I dashed off a lovely e-mail pitching my ideas and waited for WEtv to get back to me, hoping that the life I’d chosen sounded as interesting as the life I once led – the one in which I had I catered to the elite and lunatic of Miami and drove a big white SUV I called the Bloom Beast to tropical nurseries and dragged back lovely matching Crinum Lilies the size of my dining room table for the illegal immigrant help to plant in the yards of a husband and wife team that were living in separate homes because, the year previous, he had taken up with the female tenant living in their carriage house.

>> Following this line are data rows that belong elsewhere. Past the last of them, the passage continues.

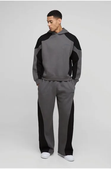 بدلة رياضية بغطاء رأس بتفاصيل خياطة للرجال بتصميم واسع ومربع
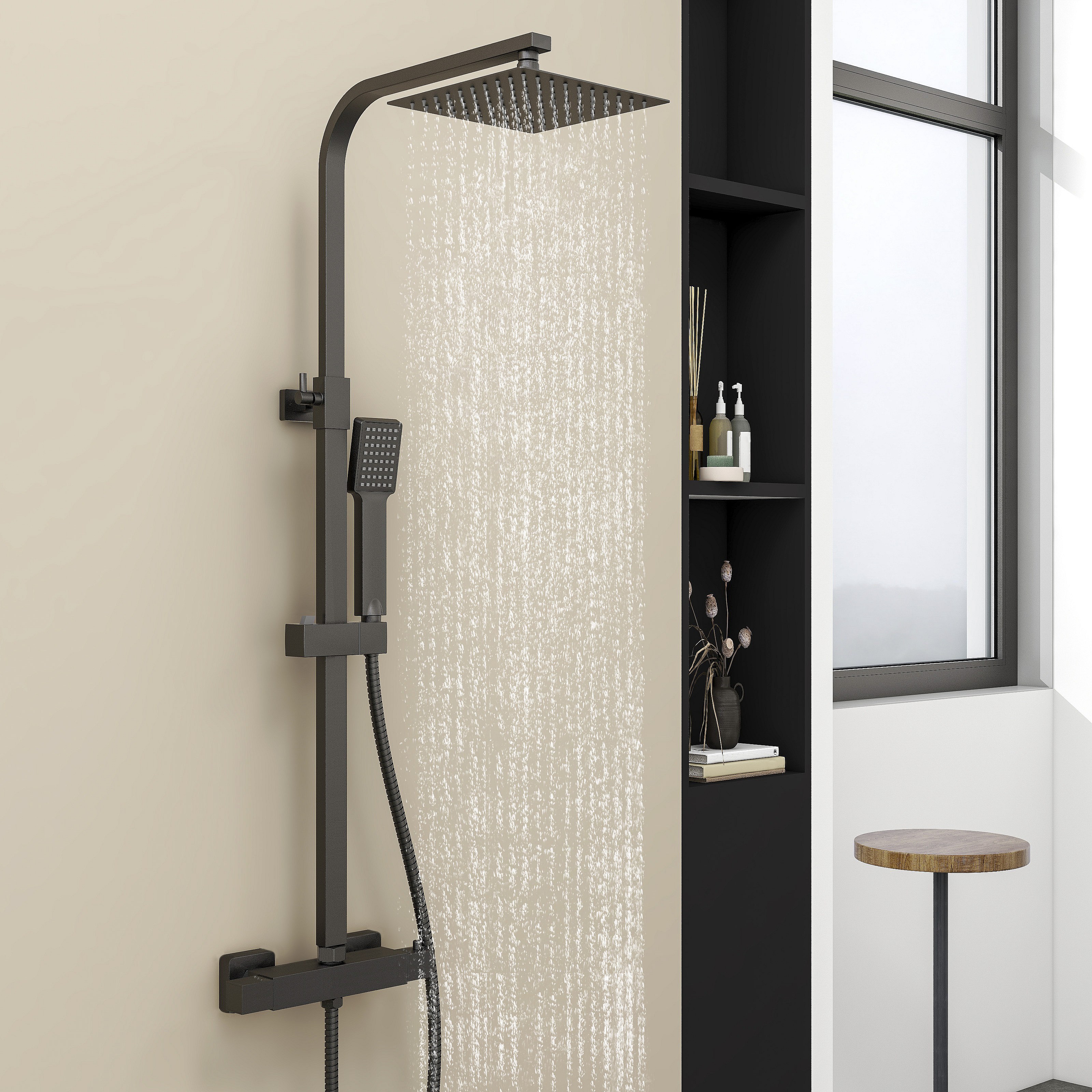 Coluna de chuveiro termostático Aica preto fosco quadrado 768-1200mm para banheiro
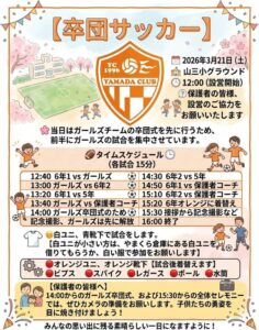 🌸🌸卒業オメデトウ~🌸🌸 2026年3月18日 最終更新日時 : 2026年3月18日 yamadaclub 26名の男子、8名の女子が卒業します~山くらで思う存分サッカーを楽しみ!笑顔で巣立っていきます~君たちが与えてくれた、沢山の夢!と感動!本当に有り難う!!
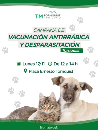 Habrá una nueva jornada de vacunación antirrábica y desparasitación en Tornquist
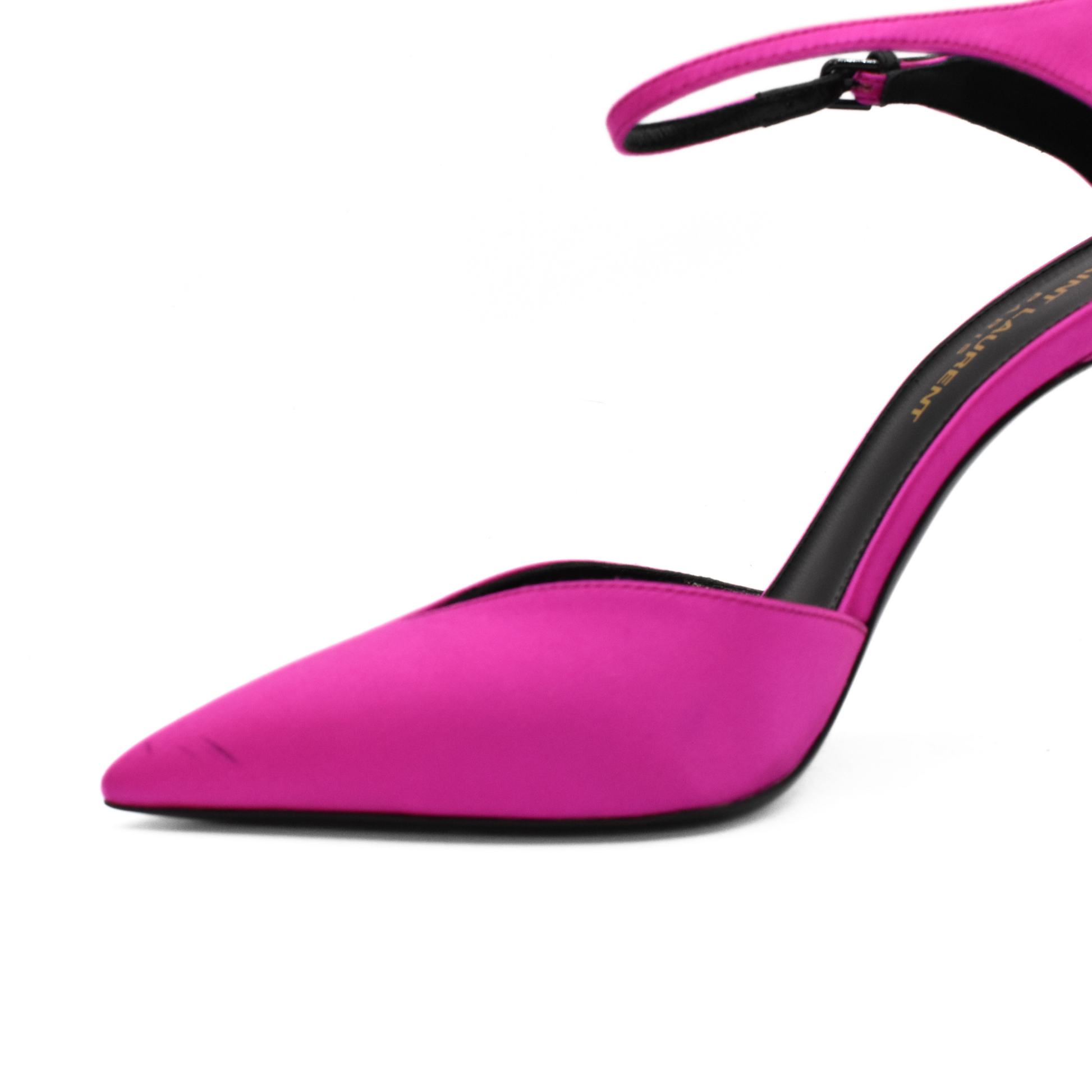 Saint Laurent 'Anja' pointed toe heels in hot pink satin with black buckles on the ankle straps.
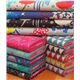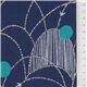 par Echino FabricsToile echino bleu foncé avec des montagnes toile bleu foncé avec des collines, des oiseaux et des rayures argentés et des pois verts
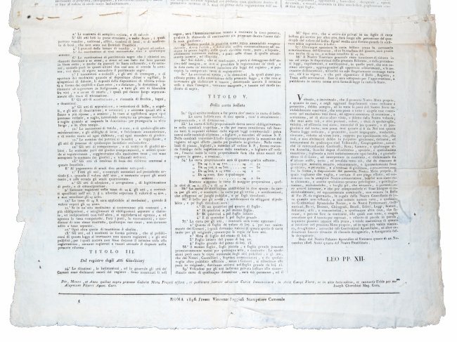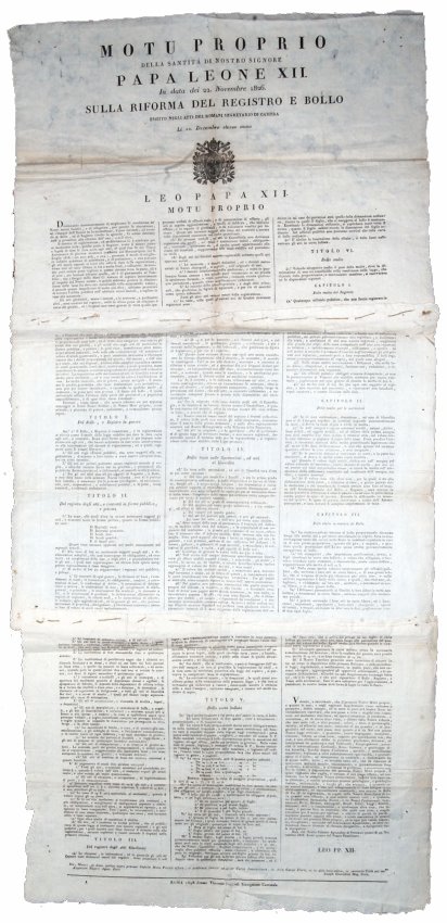 [2.]: Papal States - Pope Leo XII. Motu proprio della santità di nostro signore papa Leone XII. in data dei 22 novembre 1826 sulla riforma del Registro e Bollo esibito negli atti del Romani segretario di Camera Li 22 Decembre stesso anno Roma: presso Vincenzo Poggioli stampatore camerale, 1826.
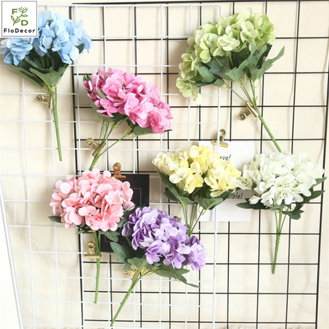 Commercio all'ingrosso di Alta Qualità di Seta Artificiale Hydrangea Bouquet Steli di Fiori Tessuto di Seta Per La Cerimonia Nuziale Fiore Bianco Rosa Blu Viola
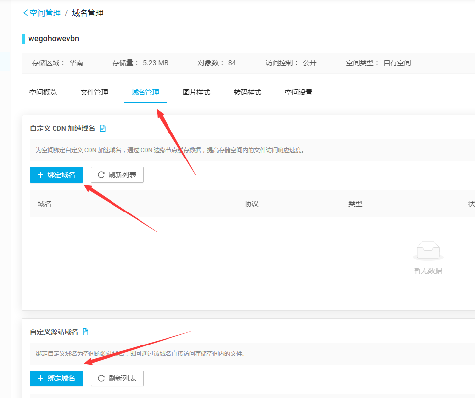 五、訪(fǎng)問(wèn)域名,是指圖片上傳成功后,需要生成一個(gè)外網(wǎng)可以訪(fǎng)問(wèn)的圖片網(wǎng)址,替換文章中原來(lái)的圖片網(wǎng)址。在存儲空間管理頁(yè)面,選擇“域名管理”,然后查看自定義 CDN 加速域名或自定義源站域名,并把域名填到優(yōu)采云設置中,注意只填域名,不需要加"http://"或者"https://"。

And quietly, as I awaited WEtv’s response, I developed plant lists, an inventory of local providers and a stable of contractors who know their deciduous shrubs and how to lay a stone wall. But it was insufficient stab at self repair. While I familiarized myself with Zone 6 horticulture, the words kept coming. It’s something I couldn’t prevent from happening. Like Winter or the flu. It seemed beyond me. A new story about Faith Shepherd and her daughter Laura began to take shape. The garden I was hired to design for the Williams on Holt Avenue sort of languished, neglected and forgotten. There was no passion I could muster for the privet hedge we would plant along the eastern property line that could rival the need I felt to tell Faith and Laura’s story. It’s just wasn’t even close.

I felt guilt and concern for the characters I had left on the page, abandoned there without resolution. I returned to Habeas Corpus and The Weight of Two and could see how the two were obviously connected bits of the same story begging to be merged. Claire Bensley, her guilty father, the girl found dead in the road, all parts of a story that needed to be told. Screw the William’s and their privet hedge, I thought. This stuff cannot be suppressed.

And so here I am, a year later, doing what has to be done. It is quite beyond me, the need to write day after day. But still, I crave an audience. Nothing as glamorous as a television audience, only the company of like minded people consumed by the need to tell fictional tales. I thought I could adapt to the failure that was last year’s application in a way that conveniently disguised my initial intentions. But then it became obvious that this MFA is not a goal that I’ve ignored or abandoned, it’s more a goal that has ignored or abandoned me. And all the passivity of the previous phrase just doesn’t suit me.